Pass the key as a Bearer token:
Authorization: Bearer YOUR_API_KEYThe API key is auto-generated on first server start and visible in Settings → API.
Read data
GET /outputs/:dataset/records
Returns records from a dataset as JSON. No authentication required.
Query parameters
| Param | Type | Default | Description |
|---|---|---|---|
limit | integer | 100 | Max rows to return (max 1000) |
offset | integer | 0 | Row offset for pagination |
sort | string | — | Field name to sort by |
order | asc / desc | asc | Sort direction |
filter[field] | string | — | Exact match on a field value |
Response
json
{
"headers": ["bankName", "zinssatz", "url"],
"rows": [
{ "bankName": "UBS", "zinssatz": "0.75%", "url": "https://..." },
...
],
"total": 142,
"limit": 100,
"offset": 0
}Examples
js
// All records, sorted by rate descending
fetch('/outputs/3a-rates/records?sort=zinssatz&order=desc')

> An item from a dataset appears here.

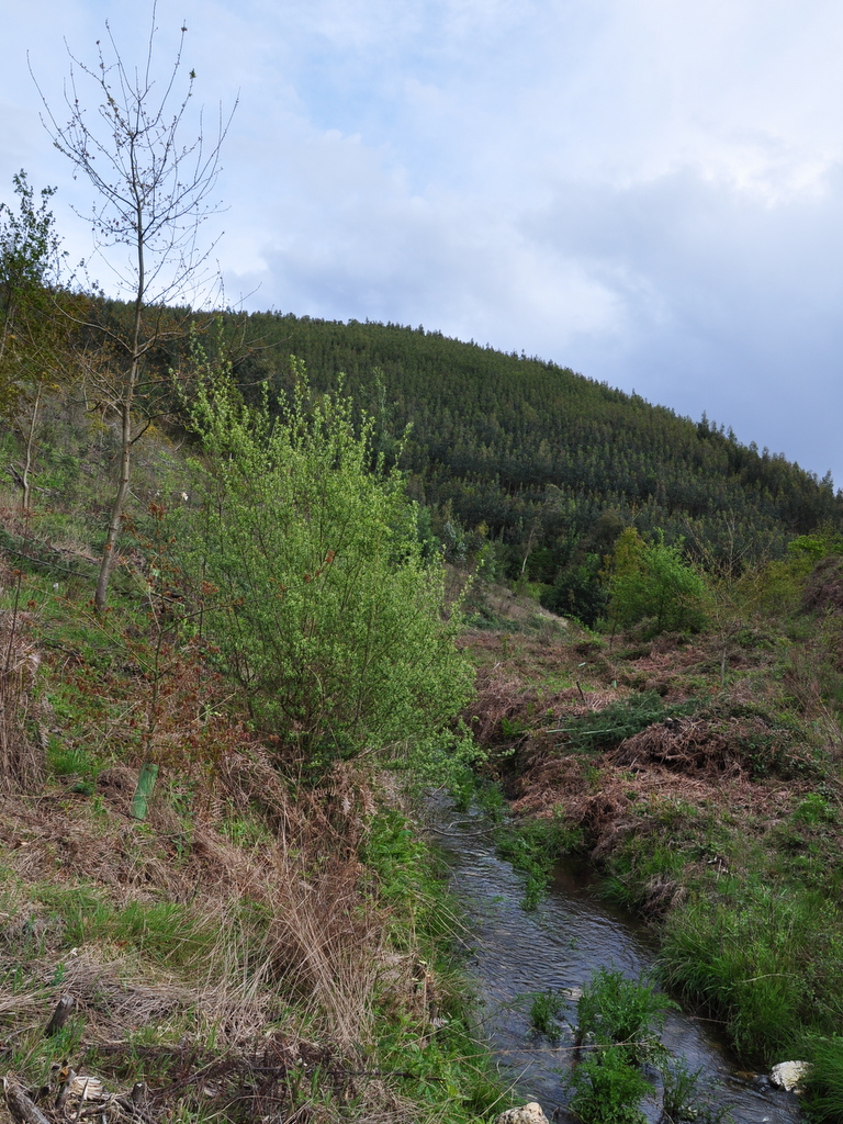 Foi interessante verificar como junto ao ribeiro os carvalhos estão muito mais atrasados na sua rebentação do que no alto do monte, e até mesmo umas dezenas de metros acima na encosta. A vegetação concorrente, sobretudo o silvado, foi removida com uma motoroçadora. Quanto às mimosas, foi ensaiada, numa escala ainda não aplicada no Cabeço Santo, a técnica do descasque do tronco. A ferramenta usada foi a navalha, que funcionou bastante bem, embora também tenha trazido alguns dissabores. No entanto também se usaram outras técnicas, consoante as características de cada formação: em manchas densas (já poucas, felizmente) cortou-se com motosserra para posterior pulverização da rebentação com herbicida; em plantas isoladas não muito grossas, aplicou-se herbicida na superfície de corte; em áreas planas, nas quais é necessário limpar com frequência com a motoroçadora, simplesmente cortou-se (a rebentação é depois apanhada com frequência pela motoroçadora) e finalmente nas áreas mais sensíveis (margens do ribeiro e zonas de difícil acesso) usou-se a técnica do descasque do tronco.

// Paginate through large datasets
fetch('/outputs/3a-rates/records?limit=50&offset=50')
// Filter by bank name
fetch('/outputs/3a-rates/records?filter[bankName]=UBS')Trigger jobs
POST /jobs/update
Re-scrapes official URLs and refreshes tracked fields for an existing dataset.
Headers
Authorization: Bearer YOUR_API_KEY
Content-Type: application/jsonBody
json
{
"input": "3a-rates",
"schema": "3a-konto",
"filter": "UBS"
}| Field | Required | Description |
|---|---|---|
input | yes | Dataset name to update |
schema | yes | Schema ID to use |
filter | no | Only update rows matching this string in dedupeKey fields |
Response
json
{ "id": "job-uuid" }POST /jobs/index
Starts a new index (discovery) job.
Body
json
{
"topic": "Swiss Säule 3a accounts",
"schema": "3a-konto",
"output": "3a-rates",
"maxIterations": "60",
"seedUrls": "https://www.moneyland.ch/de/3a-konto-vergleich"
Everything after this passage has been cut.